La cortesía sale cara
La pregunta es: ¿cuánto le debe el hombre más rico del mundo a la amabilidad de sus compatriotas? O, planteado de forma más concreta, ¿cuánto facturan Telmex y Telcel -las compañías de telefonía fija y celular propiedad del magnate Carlos Slim- gracias a los minutos que los mexicanos dedican a saludarse y a despedirse amablemente? No hay estudios sobre eso -ni serios ni de los otros-, pero si existieran tengan por seguro que el resultado sería abrumador. Carlos Slim sería mucho menos rico en países como los europeos, donde la gente suele ir al grano.
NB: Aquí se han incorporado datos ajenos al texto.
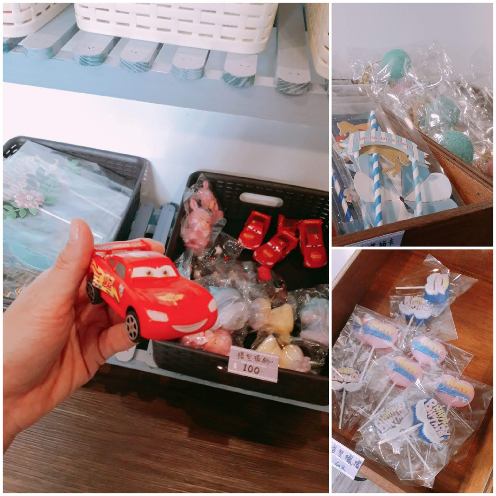 櫃枱也販售好多派對裝飾小物,玲琅滿目,連屁孩的閃電麥坤都有!放在蛋糕上,小朋友一定超開心!

Nadie en España, Francia o Alemania incluye sistemáticamente en sus conversaciones telefónicas un repertorio tan variado de fórmulas de cortesía.
Se dedican muchos minutos de teléfono al saludo y a la despedida
Los mexicanos prefieren perder dinero a renunciar a su amabilidad
A lo anterior hay que añadir un dato que no es baladí. El mexicano está convencido de que sus tarifas telefónicas están entre las más altas del mundo. ¿Hay datos sobre esto? Sí, a favor y en contra. Desde hace años, la Organización para la Cooperación y el Desarrollo Económico (OCDE) viene sosteniendo que México se encuentra dentro de los cinco o seis países con las tarifas telefónicas más caras. Además de México, figuran en esa lista Polonia, República Checa, Turquía, Hungría y Eslovaquia. También es verdad que, cada vez que esa lista se publica, los responsables de Teléfonos de México (Telmex) saltan a la palestra para argumentar que sus tarifas no sólo no son las más caras, sino todo lo contrario. Hay un dato que le gusta exhibir a Daniel Hajj, el director de Telcel: su compañía tiene 58 millones de clientes, de los cuales sólo 2.800 han presentado algún tipo de queja, lo que vendría a demostrar la satisfacción de los usuarios. Si bien es verdad que ese dato podría también servir para demostrar otra de las realidades de México: el mexicano protesta poco, muy poco, lo que llama la atención en un país donde 53 millones de personas (el 49,3% de la población) viven en la pobreza. Tal vez se proteste poco por una cuestión de carácter. O tal vez porque se ha llegado a la conclusión de que las protestas caen en saco roto. Y, ya que no hay pan, al menos que haya alegría.
Así que, puestos a elegir, los mexicanos prefieren renunciar a un buen puñado de pesos todos los meses que a su amabilidad congénita. Una amabilidad que el extranjero que se traslada a vivir a México -abrumado y tal vez asustado por las noticias que tiñen al país de un intenso color rojo sangre- no tiene en cuenta al principio, pero que poco a poco va cautivándolo, incluso colonizándolo, hasta el punto de que cuando regresa a su país de origen se siente casi ridículo al pedir las cosas por favor, con una sonrisa. Pruebe si no a subirse en un taxi de Madrid, y después de preguntarle al conductor cómo está y alegrarse con un ¡qué bueno!, si la respuesta es favorable, pídale que le lleve "si es tan amable" a una u otra dirección. Y luego compare la respuesta con la que recibiría en México: "Claro que sí, joven -da igual la edad del cliente-. Con mucho gusto. Estamos para servirle".
La amabilidad contagiosa del mexicano es tal -aunque tenga que pagarla mes a mes en la factura de su celular-, que la recién nombrada secretaria de Turismo acaba de declarar que pretende convertirla en un reclamo, casi al mismo nivel que el azul turquesa de las playas del Caribe.